米EU、関税合意の共同声明を発表、関税引き下げの条件や時期を明示
(米国、EU)
ニューヨーク発
2025年08月22日
米国政府と欧州委員会は8月21日、米EUの通商協議を通じた合意に関する共同声明を発表した(米国側発表、EU側発表
)。2025年7月の合意内容(米国側:2025年7月29日記事参照、EU側:2025年7月29日記事参照)の適用条件や開始時期を明示した。双方は今後、合意の実行に向けた手続きを進める。
共同声明では、合意内容、適用条件、開始時期など19項目を列挙した。双方の関税の撤廃や引き下げに関する主な内容は次のとおり。
〇EUは、全ての米国製工業製品に対する関税を撤廃し、米国産農水産品に対する特恵市場アクセスを提供する方針(第1項)。
〇米国は、EU原産品に対して、(1)一般関税率(MFN税率)、(2)MFN税率と相互関税率の合計15%、のいずれか高い関税率を適用する。また、米国は特定のEU原産品(コルクなど米国で調達が困難な資源、全ての航空機・同部品、ジェネリック医薬品・同原料)に対して、2025年9月1日からMFN税率のみを適用する(相互関税を課さない)。さらに、米国とEUは双方の経済とサプライチェーンに重要な品目に対し、MFN税率のみを適用対象に追加することを検討する(第2項)。
〇米国は、1962年通商拡大法232条に基づく追加関税対象のEU原産の医薬品、半導体、木材(注)に対して、MFN税率と232条関税率の合計15%を超えて適用しない。また、同条に基づく25%の追加関税の対象となるEU原産の自動車・同部品に対して、EUが第1項で定める米国産品に対する関税撤廃や削減を成立させる法案を正式に提出した場合、法案を提出した月の1日から(1)MFN税率または(2)MFN税率と232条関税率の合計15%のいずれか高い関税率を適用する。さらに、232条に基づく50%の追加関税対象のEU原産の鉄鋼・アルミニウム製品に対して、関税割当(TRQ)の設定を検討する(第3項)。
〇米国とEUは、合意の恩恵が主に米国とEUに及ぶよう、原産地規則について協議する(第4項、いわゆるフリーライドの防止)。
関税のほか、EUによる米国産エネルギー製品、人工知能(AI)半導体、防衛装備品の購入拡大(第5および7項)、EUによる対米投資の拡大(第6項)が明記された。また、中国を念頭にしたとみられる、第三国による重要鉱物などの輸出制限への対処のための双方の協力(第14項)や、第三国の非市場的政策への対処のための対内・対外投資の審査、輸出管理、関税回避に関する協力(第19項)といった、経済安全保証面での連携に関連した項目も盛り込まれた。

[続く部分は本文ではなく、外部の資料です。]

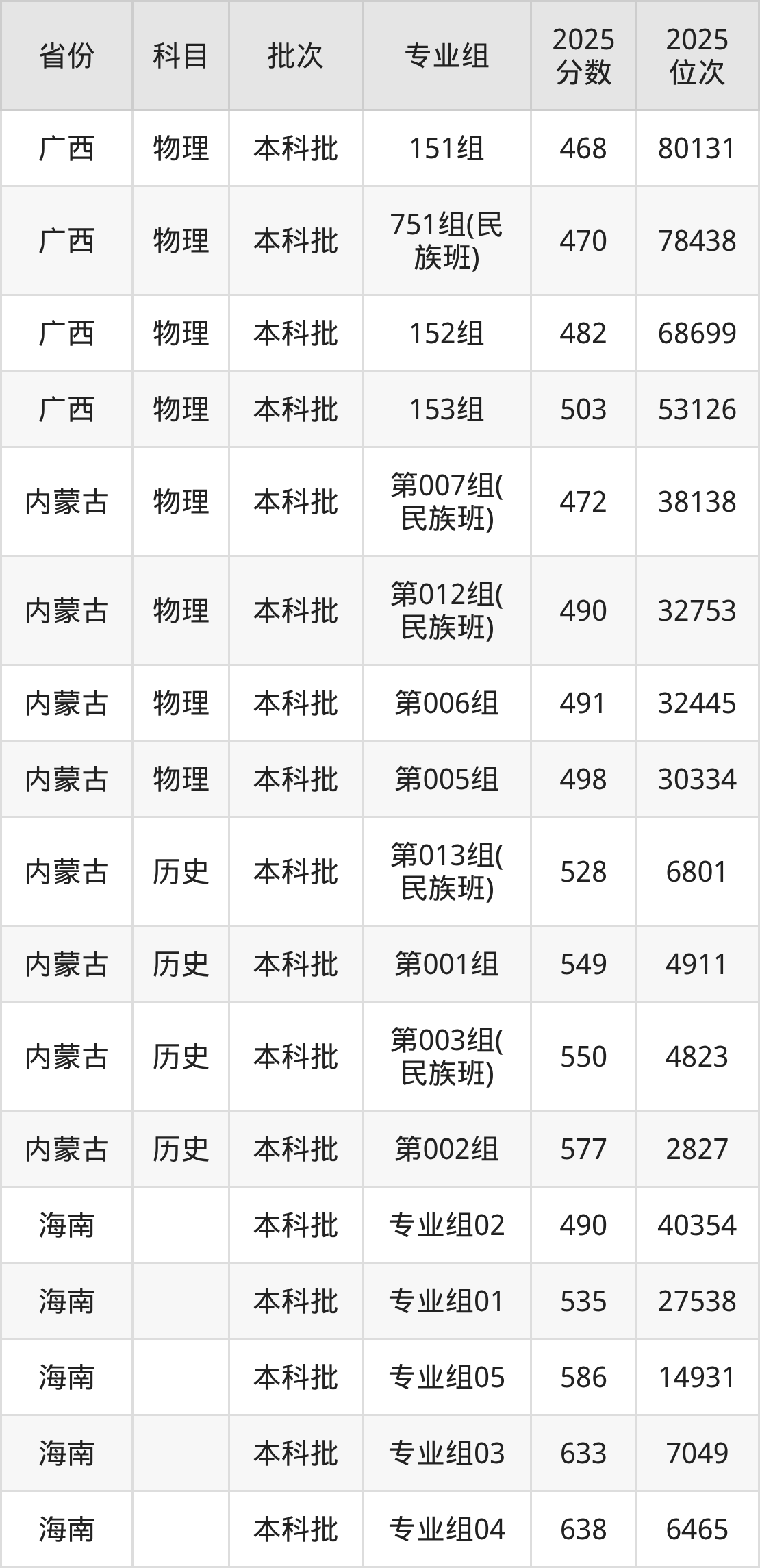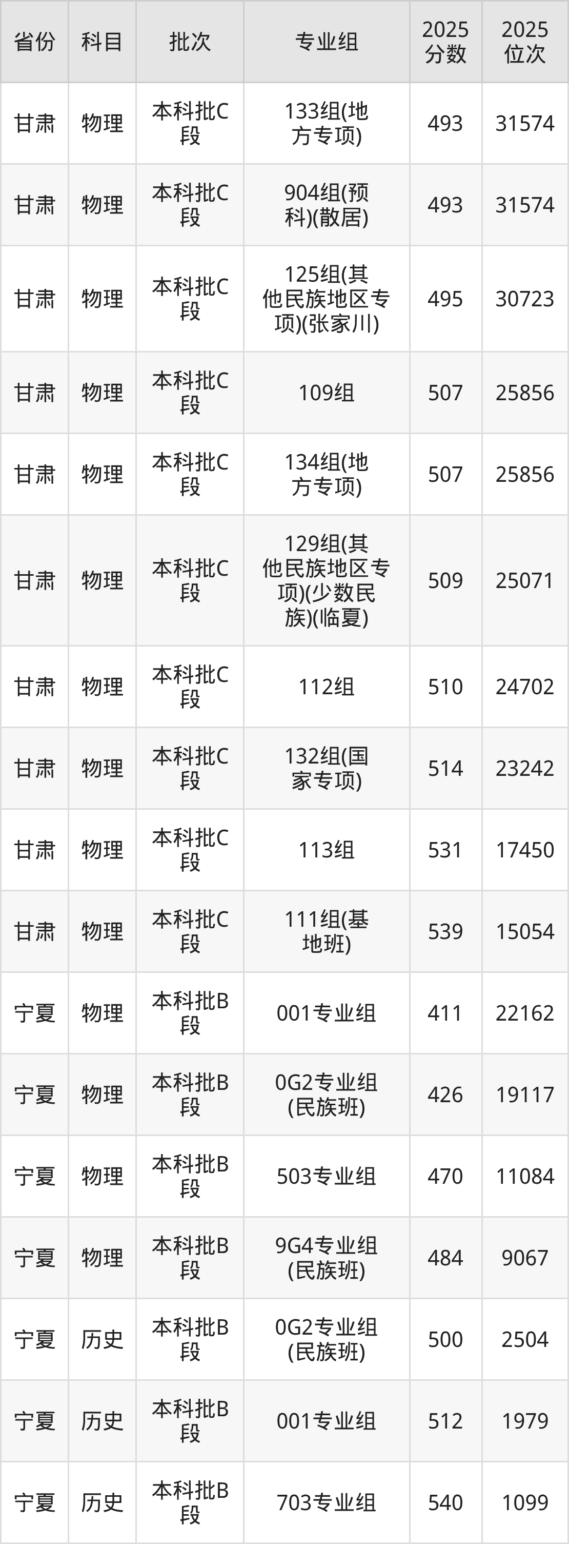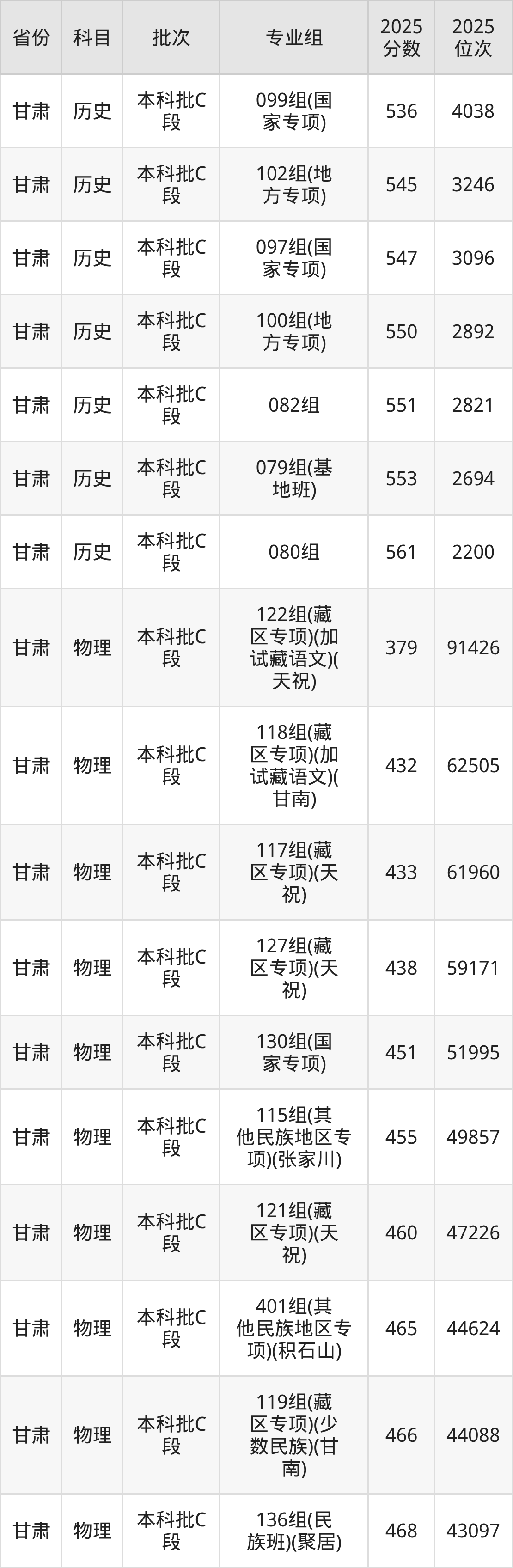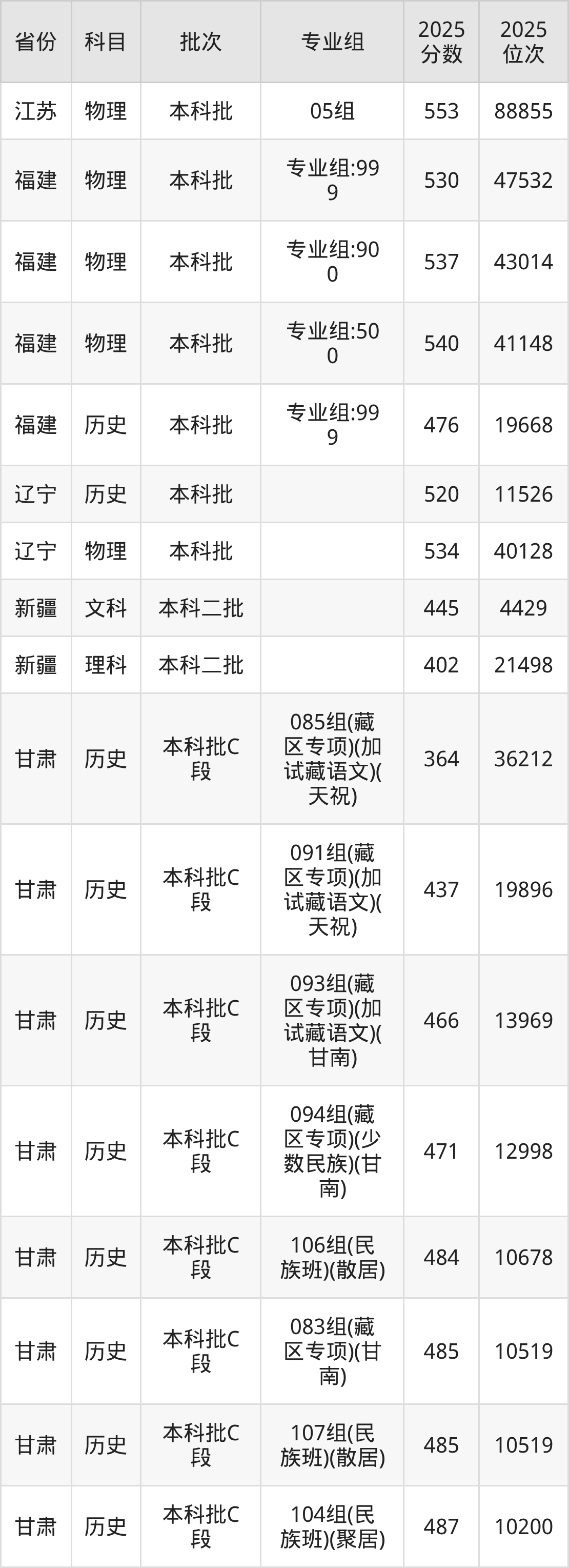 西北师范大学第012组(民族班):2025年投档录取最低分为490分,录取最低位次为32753名。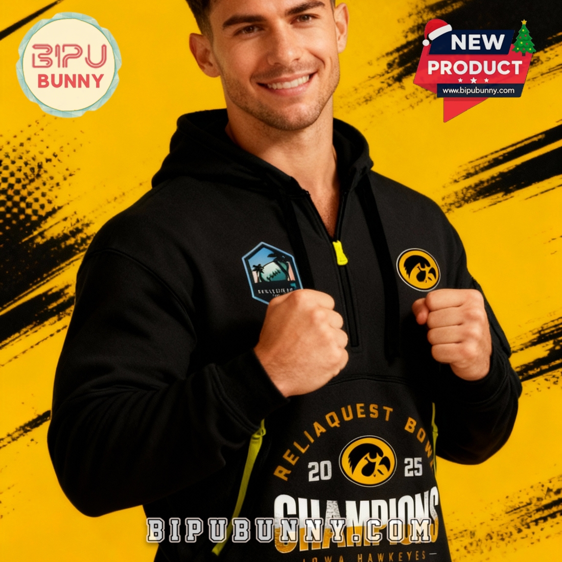 Don’t miss out on the Iowa Hawkeyes ReliaQuest Bowl Champions Quarter-Zip Hoodie! This is your chance to show off your Iowa pride and stay comfortable while doing so. Whether you’re heading to a game, hanging out with friends, or simply relaxing at home, this hoodie is perfect for any occasion. Order yours today and take part in celebrating the incredible victory of the Iowa Hawkeyes! Keep an eye out for limited-time offers and promotions to grab this exclusive fan gear at a great price!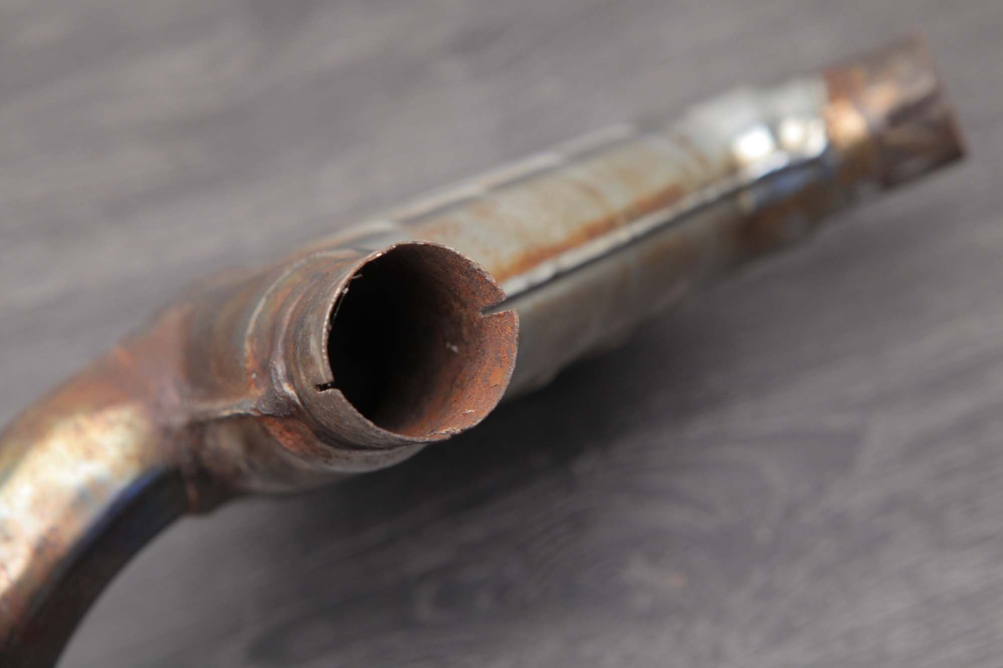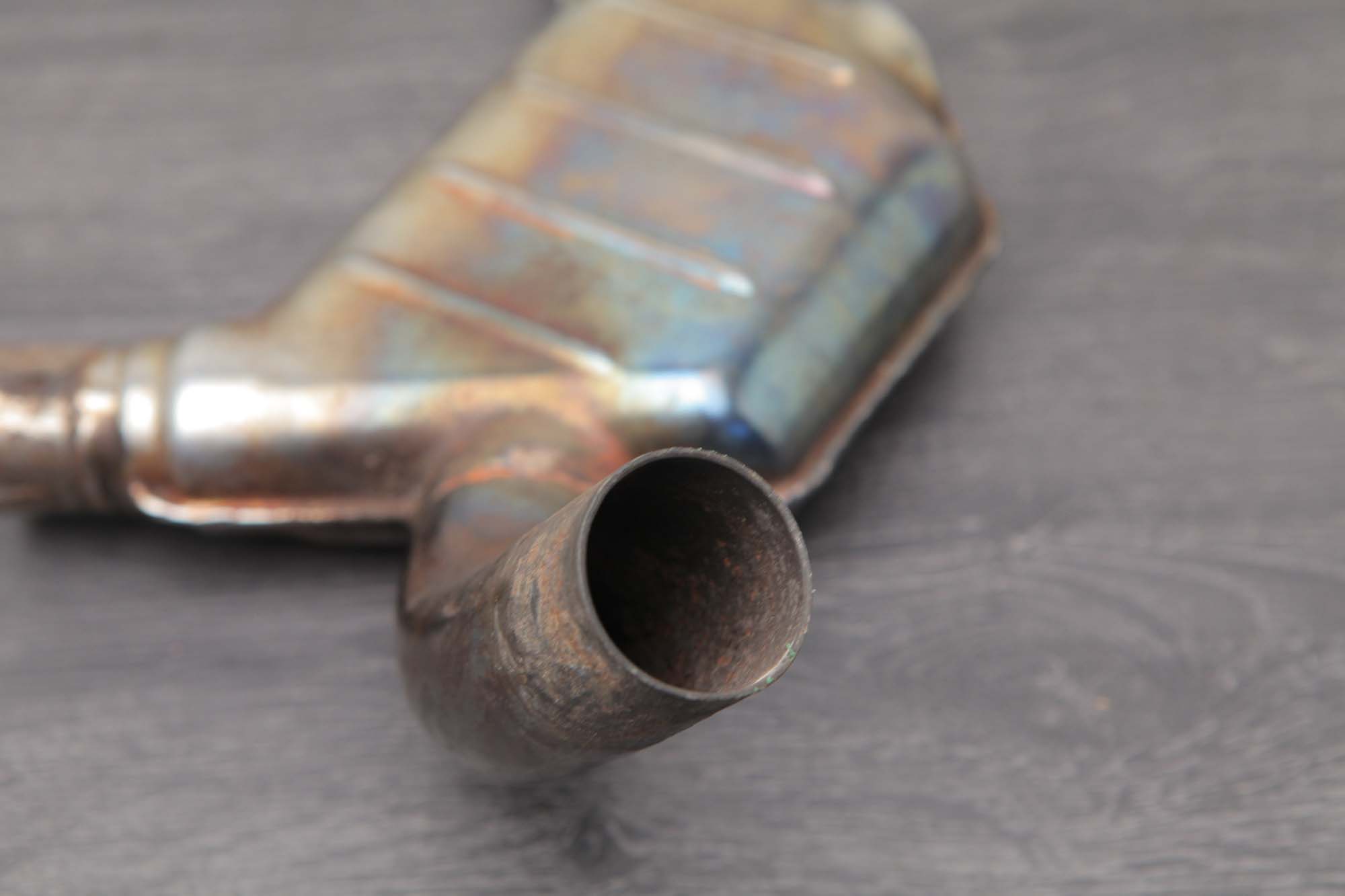 Silenziatore anteriore cromato, proprio come dovrebbe essere su una 80 ST. Parte originale BMW, non una riproduzione a basso costo

一方で、米国が重視するEUのデジタル貿易障壁の撤廃に関する項目(第17項)では「対処することを約束する」など、大枠の方向性の合意にとどまる部分も多い。双方は共同声明を「対象分野を拡大し、市場アクセスを継続的に改善し、貿易投資関係を強化していくことができる」プロセスの最初の段階と位置づけ、協議を継続する意図を示した。
(注)共同声明に記載された医薬品、半導体、木材に対する米国の232条関税は現時点で発動されていないが、追加関税の発動に向けた調査が進められている。このほか、トランプ政権は、重要鉱物、トラック、民間航空機、ポリシリコン、無人航空機システムの分野で232条調査を進めている(2025年7月16日記事参照)。また、風力タービン・同部品についても、同様の調査が8月13日に開始されている(2025年8月22日記事参照)。